Division of Bioinformatics, Medical Institute of Bioregulation, Kyushu University, Fukuoka, 812-8582, Japan.
Sci Rep. 2023 May 10;13(1):7593. doi: 10.1038/s41598-023-34452-w.
Recent studies have shown that some silent mutations can be harmful to various processes. In this study, we performed a comprehensive in silico analysis to elucidate the effects of silent mutations on cancer pathogenesis using exome sequencing data derived from the Cancer Genome Atlas. We focused on the codon optimality scores of silent mutations, which were defined as the difference between the optimality of synonymous codons, calculated using the codon usage table. The relationship between cancer evolution and silent mutations showed that the codon optimality score of the mutations that occurred later in carcinogenesis was significantly higher than of those that occurred earlier. In addition, mutations with higher scores were enriched in genes involved in the cell cycle and cell division, while those with lower scores were enriched in genes involved in apoptosis and cellular senescence. Our results demonstrate that some silent mutations can be involved in cancer pathogenesis.

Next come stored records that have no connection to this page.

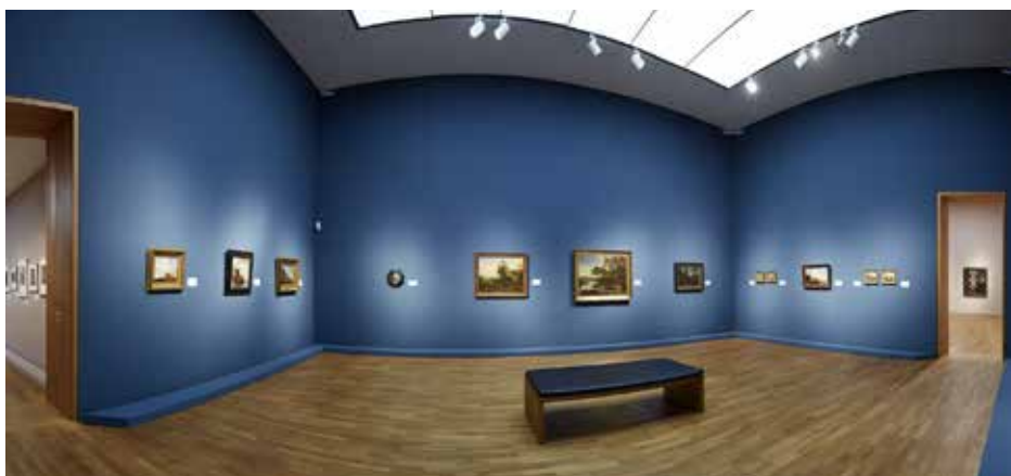
Vue de l'exposition Les collections en mouvement.

Jean Jacques de Boissieu, né à Lyon, était un des plus éminents dessinateurs et graveurs du XVIII e siècle, surnommé par certains le « Rembrandt français ». Bien que connu plutôt auprès des spécialistes du monde de l'art d'aujourd'hui, ses paysages, scènes de genre et études de caractères particulières continuent à nous fasciner. L'exposition monographique à la Villa Vauban est depuis longtemps la première consacrée à cet artiste exceptionnel.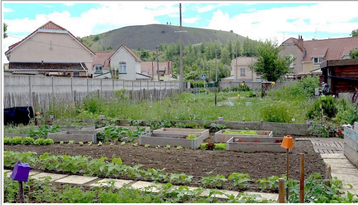
Cité Darcy, Hénil-Beaumont

Compagnie TDC 15/17 rue du Prieuré 59800 Lille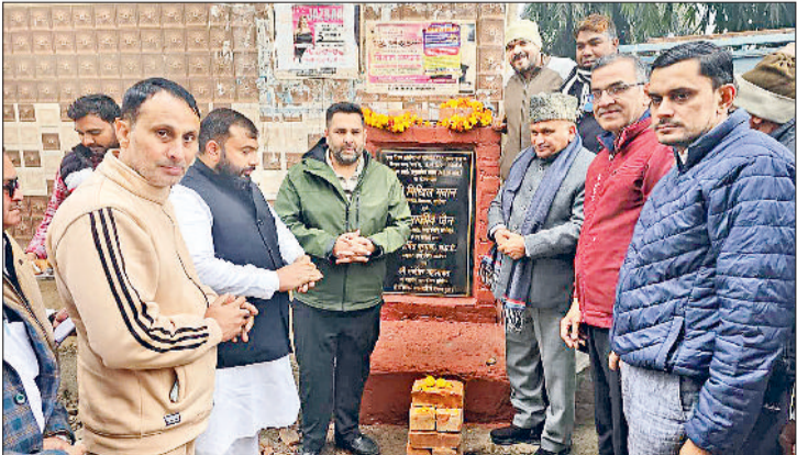
सोनीपत। विकास कार्यों का शुभारंभ करते हुए विधायक साथ में मेयर एवं अन्य।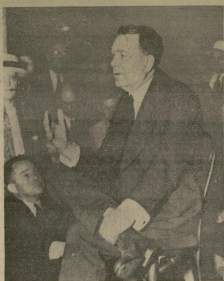
El senador William E. Borah, de Idaho, quien recientemente ha dicho que respaldará al candidato republicano a la presidencia si es que la plataforma que adopte el partido en la Convención Nacional es satisfactoria. Este ha venido haciendo campaña en contra de los monopolios.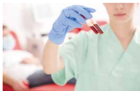
肝炎ウイルス検査では採血を行います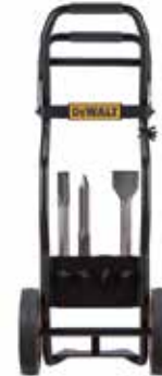
Diablito transportador Demoledor D25980-B3

Control Activo de Vibración AVC / Módulo electrónico de arranque progresivo para mayor control y potencia constante / 3 sistemas antivibración: Sistema SHOCK® / Sistema de mango suspendido / Mangos recubiertos de goma.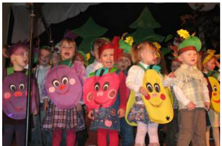
MALUCHY PANI DOROTY PIKULI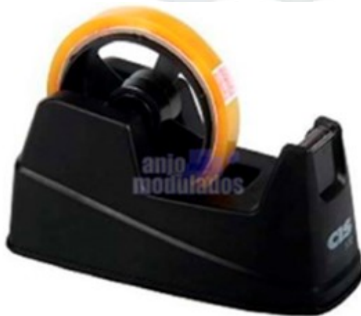
(Lote 01 – Item 85)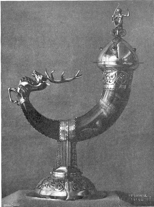
Tafelaufsatz «Jagd» aus dem Atelier G. Melster, Zürich (Mitarbeiter Arnold Stockmann, Luzern) an der Schweiz. Landesausstellung.

führen haben. Er vergleicht mit andern Industriezweigen. Das Fremdgewerbe sei unsere Lebensader? Das Eisenbahngetriebe unser Blutkreislauf? Stopp, Stopp — unsere Chronometer vermögen alles noch auszurechnen, ohne aufgezo-gen werden zu müssen.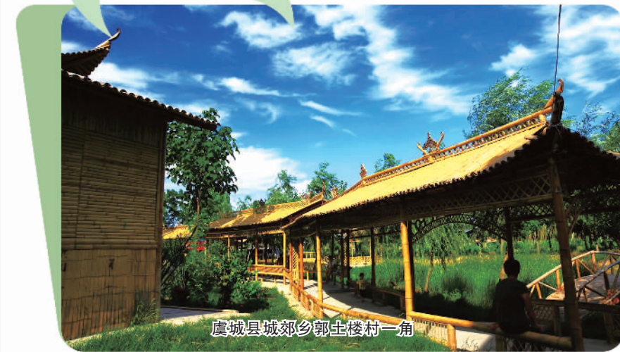
虞城县城郊乡郭土楼村一角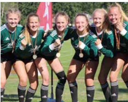
TSV Essel - 3. Platz.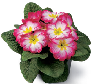
elunistar ® elcora rosa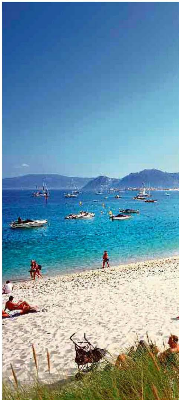
La arena blanca y las aguas transparentes de las Islas Cíes han

El mismo terceto ha contribuido a hacer de las Cíes el Parque Nacional de las Islas Atlánticas y anfitrión de la mejor bahía del mundo: la de Rodas. Como tal la proclamó 'The Guardian' en 2007, aunque no es preciso el olfato inglés heredero del querido Watson ni ser uno de los periódicos más prestigiosos del planeta para averiguarlo. Basta desembarcar a la entrada de la ría de Vigo, abandonarse al capricho de las dunas, mirarse al espejo de sus aguas y preguntarse: 'Espejito, espejito, ¿quién es la más bonita?'.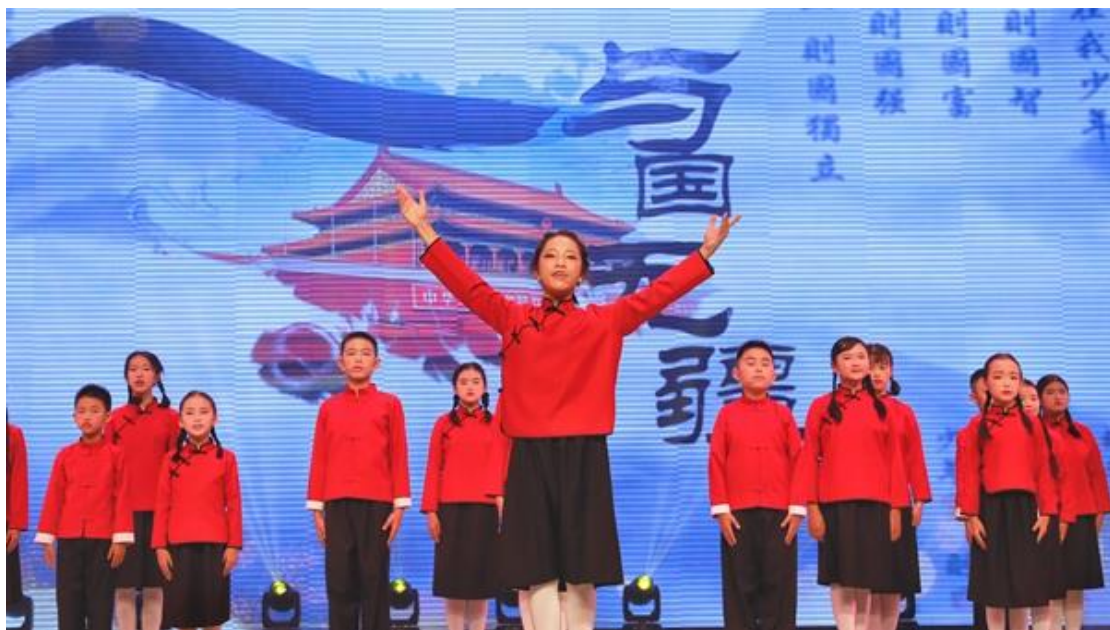
图 40：“家园中国”诵读大赛现场

9月12日下午，诵读大赛现场的参赛选手紧紧围绕活动主题，以独诵、合诵、情境朗诵等形式，通过《中国颂》《月光下的中国》《如果信仰有颜色》《读中国》《少年中国说》等主题鲜明的作品，诵出了我们伟大的中国共产党浴血奋战、领导人民开拓进取的华歌；诵出了我们对伟大祖国日新月异、蒸蒸日上的赞美；诵出了我们青年当自强、吾辈创佳绩的豪情！赛场上，选手们声情并茂、激情澎湃，以饱满的热情歌颂着我们的祖国，抒发着对党深深的热爱，让师生们受到了精神上的洗礼和思想上的升华。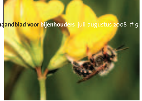
Mannetje kleine wolbij.

andoornsoorten favoriete drachtplanten. Betonie is daarbij als tuinplant bijzonder aan te bevelen. Hartgespan hoort ook tot de zeer graag bezochte planten, evenals gamandersoorten. Maar de grote wolbijen tref je ook wel aan op vingerhoedskruid en op vlinderbloemige planten. Zoals bij alle wolbijsoorten het geval is, verzamelen vrouwtjes van de grote wolbij het bijna witte stuifmeel aan buikharen. Om energie bij te tanken zie je ze ook op sedumsoorten als huislook drinken. Wolbijen kennen maar één generatie per jaar.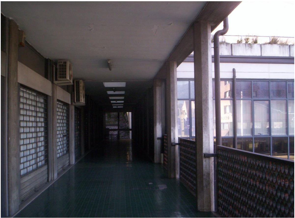
UFFICI SOTTO I PORTICI PIANO 1°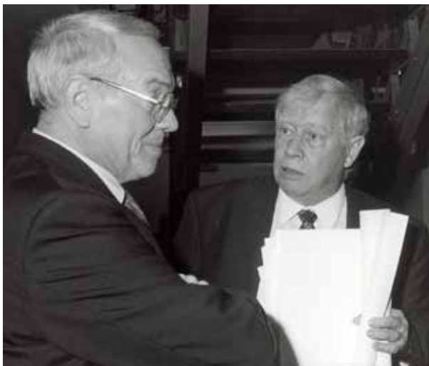
Oberbürgermeister Günter Samtlebe eröffnet gemeinsam mit dem Historiker Hans Mommsen die Steinwache.

Parallel begannen die Bestrebungen vor allem des Jugendrings, das zuletzt als Obdachlosenasyl genutzte und während der NS-Zeit als „Hölle Westdeutschlands“ bekannte ehemalige Polizeigefängnis, die „Steinwache“, vor dem Abriss zu bewahren und zu einem antifaschistischen Gedenk- und Lernort umzuwidmen. 1992 wurde schließlich die Mahn- und Gedenkstätte Steinwache als zentraler Ort der städtischen Auseinandersetzung mit der nationalsozialistischen Verfolgung und dem Widerstand gegen diese eröffnet.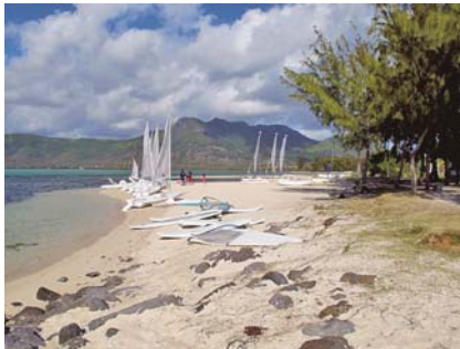
写真-13 砂嘴北端部で汀線固定のため設置された捨石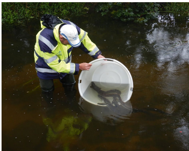
Schieraalonderzoek Swimway Vecht

De VBC Vallei en Veluwe is in 2020 enkele keren bijeen gekomen. Minder vaak dan voorgaande jaren, maar gelukkig bood digitaal vergaderen prima mogelijkheden. De afspraken rond de werkwijze 'Vissen in Nood' zijn geëvalueerd en hebben een vervolg gekregen. Er is een vervolg gegeven richting een loodvrij pilot gebied binnen het Waterschap, zijnde in het gebied van Sportvisserij MidWest Nederland. Met alle partijen binnen de VBC zijn er stappen gezet richting een nieuw VISplan, de hieruit voortvloeiende acties worden vervolgd in 2021. De beide sportvisserijpartijen binnen de VBC hebben een inspraak gedaan op het Blauwe Omgevingsprogramma van het Waterschap. Ook Sportvisserij Op de Kaart heeft een vervolg gekregen binnen de VBC door het delen van de plannen, ook hier wordt in 2021 een vervolg aan gegeven.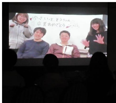
札幌幌南RACからは感動のメッセージ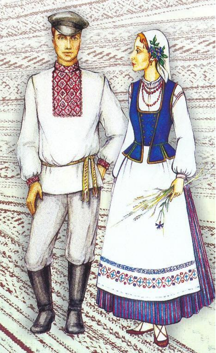
Пара в новогрудском уборе

Нация (от лат. patio – племя, народ) – историческое сообщество людей, которое характеризуется устойчивыми экономически-ми и территориальными связями, общностью языка, культуры, характера, быта, традиций, обычаев, самосознания. Нации возникают в период становления капиталистического способа производства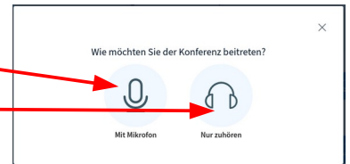
Abbildung 4: Auswahl zur Aktivierung des Mikrofons

Zunächst wirst du gefragt, ob du dein Mikrofon aktivieren oder nur zuhören möchtest.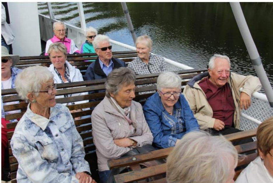
På båttur på Telemarkskanalen (2012)

2018: Den planlagte turen til Danmark (Midtjylland og Fyn) ble avlyst 2019: Blaafarveverket/Modum via Åsgårdstrand 20.-22.5.i – 29 deltakere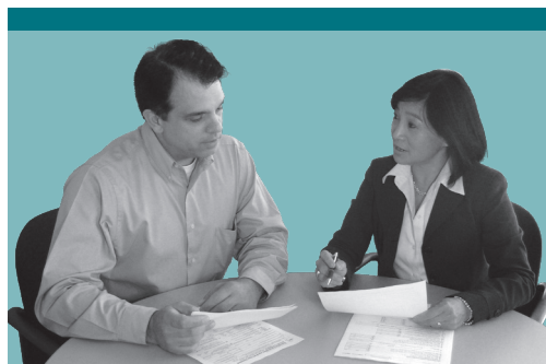
TR-24-HAI (8/15) (lèt bò a)

Itilize kont Sèvis sou Entènèt ou oswa rele nou nan nimewo (518) 457-5434 pou jwenn plis enfòmasyon.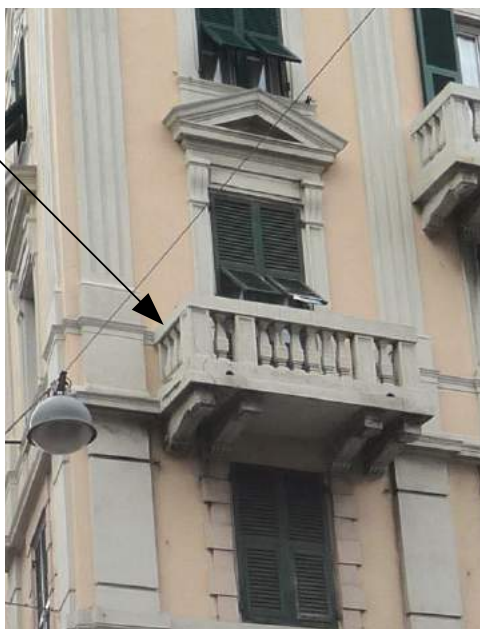
Foto 7 . Poggiolo int. 13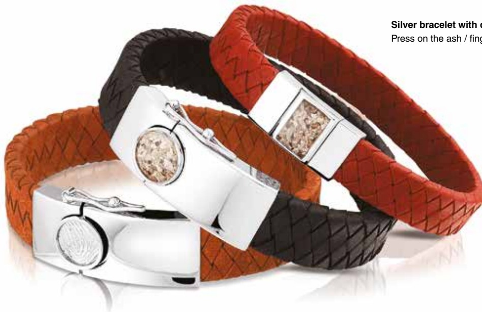
Silver bracelet with double braided leather Press on the ash / fingerprint to open the lock.

BG 007 and BG 008 have straps available in black, navy, brown, cognac, and camel.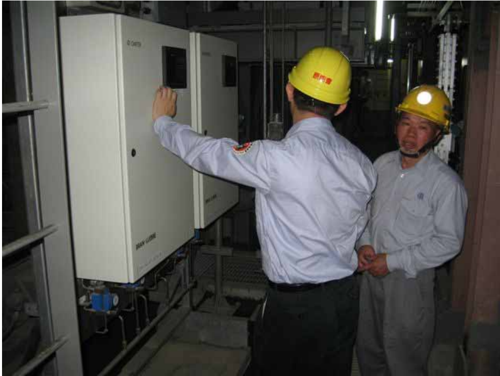
本會視察員於現場詢問核四廠設備電氣設備運轉情形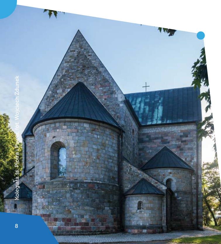
Kolegiata św. Piotra i Pawła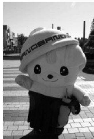
▲横断歩道は手を挙げて渡ろうね!!

○ほくは、佐野ブランドをPRするのがお仕事です。佐野ブランドをPRすることと佐野市を有名にするために、一生懸命頑張るので、みんな応援してください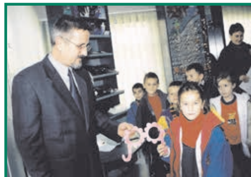
Wizyta w naszym salonie wychowanków z Przedszkola nr 7 - 2002 rok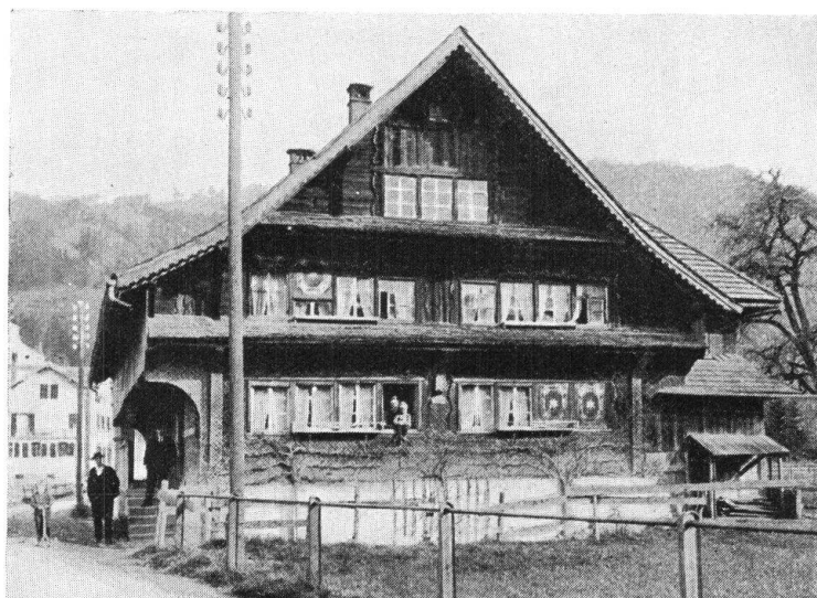
Abb. 4a. Junkerhaus in Schüpflheim. — Fig. 4a. Maison patricienne à Schüpflheim.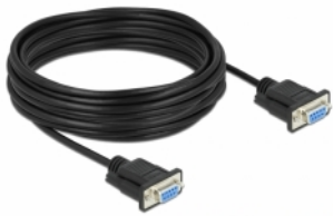
mini Sub-D 9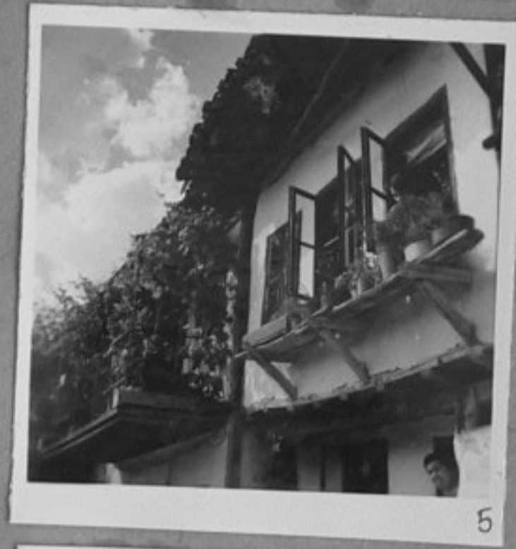
5 - Из Търново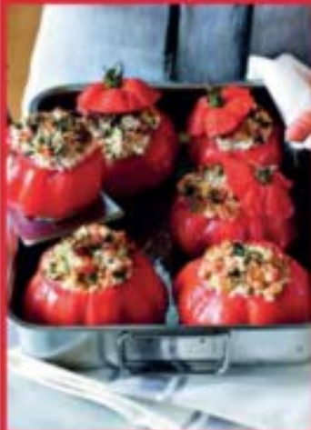
Tomates farcies à l'italienne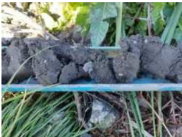
144. ábra: PT31 - 7. részlet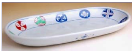
187016 染錦丸紋 小判皿 (大) 6 5 1 0 円 (本体価格 6 2 0 0 円) (径 13×26.9×高さ 3cm)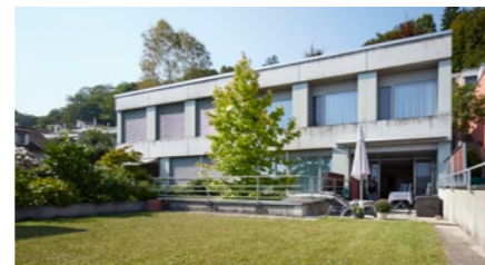
5½-Zimmer-Maisonette-Terrassenhaus in Brugg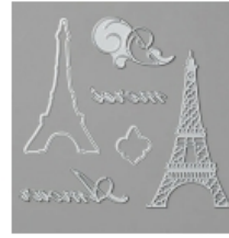
Parisian Dies [151465] € 33,00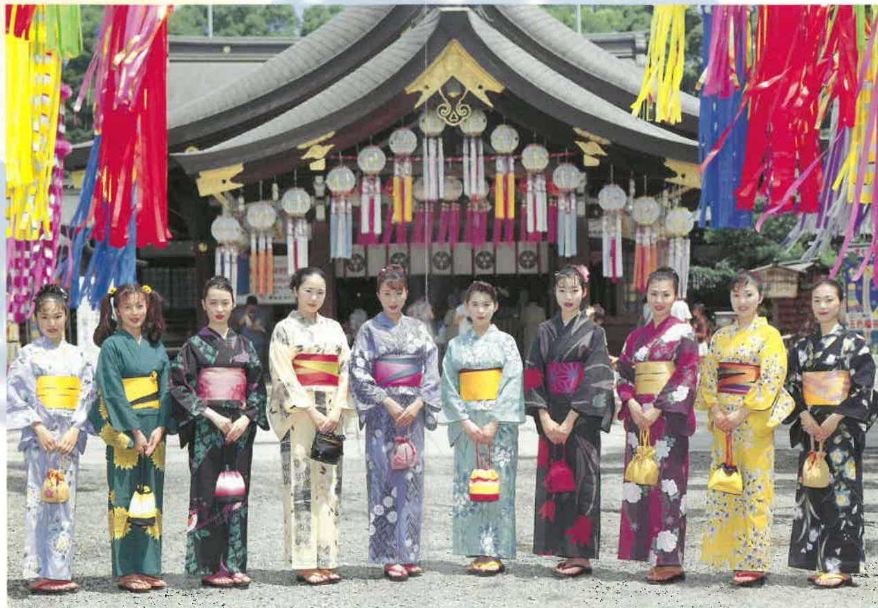
'96ミス七夕・ミス織物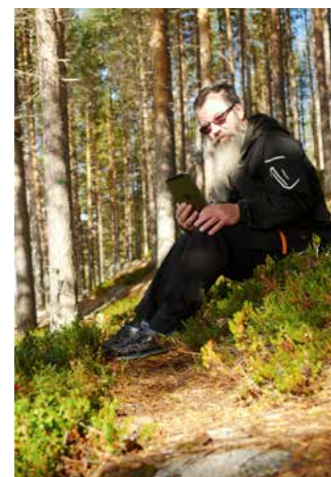
En paus för att dokumentera dagens vandring.

– Ja faktiskt. De jag började gå med i våras är utnötta så det är dags att uppgradera.

最近的研究表明,一些沉默突变可能对各种过程有害。在这项研究中,我们使用癌症基因组图谱(Cancer Genome Atlas)中衍生的外显子组测序数据,进行了全面的计算机分析,以阐明沉默突变对癌症发病机制的影响。我们专注于沉默突变的密码子优化评分,该评分定义为使用密码子使用表计算的同义密码子优化度的差异。癌症进化与沉默突变之间的关系表明,在致癌发生过程中发生较晚的突变的密码子优化评分明显高于发生较早的突变。此外,得分较高的突变在参与细胞周期和细胞分裂的基因中富集,而得分较低的突变在参与细胞凋亡和细胞衰老的基因中富集。我们的研究结果表明,一些沉默突变可能参与癌症的发病机制。